[MLton] cvs commit: Improved FFI.

Wesley W. Terpstra wesley@terpstra.ca
Tue, 26 Jul 2005 11:16:12 +0200


On Sun, Jul 24, 2005 at 11:42:28AM -0400, Matthew Fluet wrote:
> > There is now no way to take the address of a function.
> This isn't entirely true; as you note, you can fib in one form or another.
Great. :-P

> I don't seriously object to  _address "symbol": ptrTy, cTy;
> 
> where cTy includes both C base types and C function types (though, even
> then, you have additional complications, since a C function type should, I
> believe, carry it's calling convention -- if a function pointer doesn't
> need to be the same size as an int pointer, why would a cdecl function
> pointer need to be the same size as a stdcall function pointer?).

Shoot. :-/ 
That's true.

In fact, if I remember right, back in the days of x86 yore, there were
_short and _far keywords attached to functions.

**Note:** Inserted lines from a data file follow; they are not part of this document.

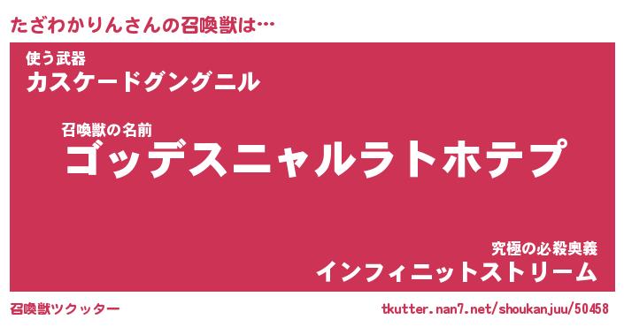 | 胡散臭い通販商品みたいなあだ名 | 『モテモテ間違いなし霊験あらたかなお札…その名も「たざわかりん」』 |
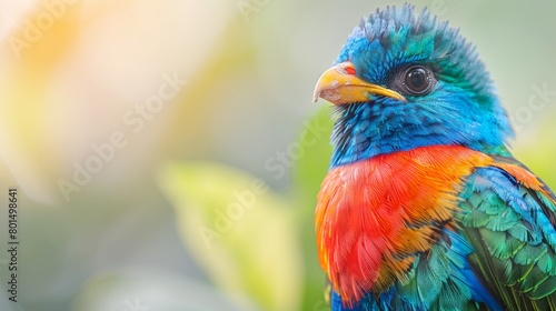 A vibrant bird perched on a verdant branch against a softly blurred green backdrop
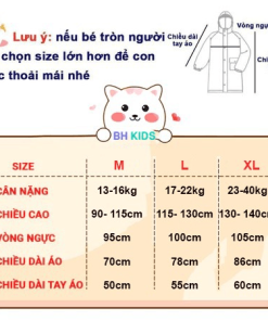 – Áo mưa cho bé gồm: 1 áo mưa và 1 túi đựng áo mưa cùng màu xinh xắn
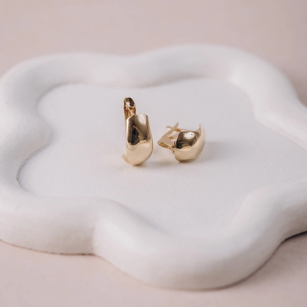 Eleganckie kolczyki ze złota próby 585 o miękkiej, opływowej formie, która subtelnie przypomina delikatną, złotą kroplę. Są niezwykle lekkie, gładkie i komfortowe w noszeniu, dzięki czemu sprawdzą się idealnie na co dzień.

Those definitely changed
the size of a function pointer.

> But, the reality is that MLton expects all C pointers to be of the same
> size (and equal to 32bits).
> 
> And this representation works certainly for pointers to all C base types
> on all architectures where MLton runs and for pointers to C functions on
> architectures where people have been using the MLton FFI ...
>
> So, all that being said, adding a (simple) _address would be very easy 
> in the current setup, it would simply need to abide by the current 
> limitations.  

Then perhaps going back to _address "symbol": ptrTy; would be best.
So long as we store it in a 'intptr_t' (which despite some worries 
earlier on this list is *required* by X/Open), then all is well.
That is, intptr_t guarantees that void* to it and back is safe.

> "do whatever works on the platform(s) you are interested in (but don't be
> surprised if it doesn't work on other platforms)."

I completely agree; C is too low-level to do anything else.

> Don't get me wrong -- nobody objects to producing more standard conforming 
> C code, but I don't see the cost/benefit ratio being worth the effort.  

Here's a different proposal:

The bytecode has the possibility for much better portability.
(if the FFI is forbidden for new symbols/functions not in the basis)

Since the bytecode interpreter is *hand* written in C, it should be 
possible to write it in a standards conforming (no casting) way.

If the entire heap were simply an array of intptr_t, then the only
casts needed should be from intptr_t to inptr_t*, which is safe-ish.
For that matter, it would be especially great if the byte-code could
be made machine-independent ala Java .class. (hehe)

> The cost is certainly high, and the benefit seems simply to be the 
> (dubious) claim that such C code would be less susceptible to being 
> treated in a different way by future versions of gcc.

I don't find this claim is dubious; try using gcc 4 and turning on -O3.
My expectation is that MLton will be unable to correctly compile itself.

> Of course, the gazillion lines of existing C code is the best defence
> against future versions of gcc breaking backwards compatibility.

Those hand written C programs are getting broken by gcc all the time.
One of the tasks of debian maintainers is to eradicate these sorts of
aliasing and alignment bugs from packages and forward the fix upstream.

-- 
Wesley W. Terpstra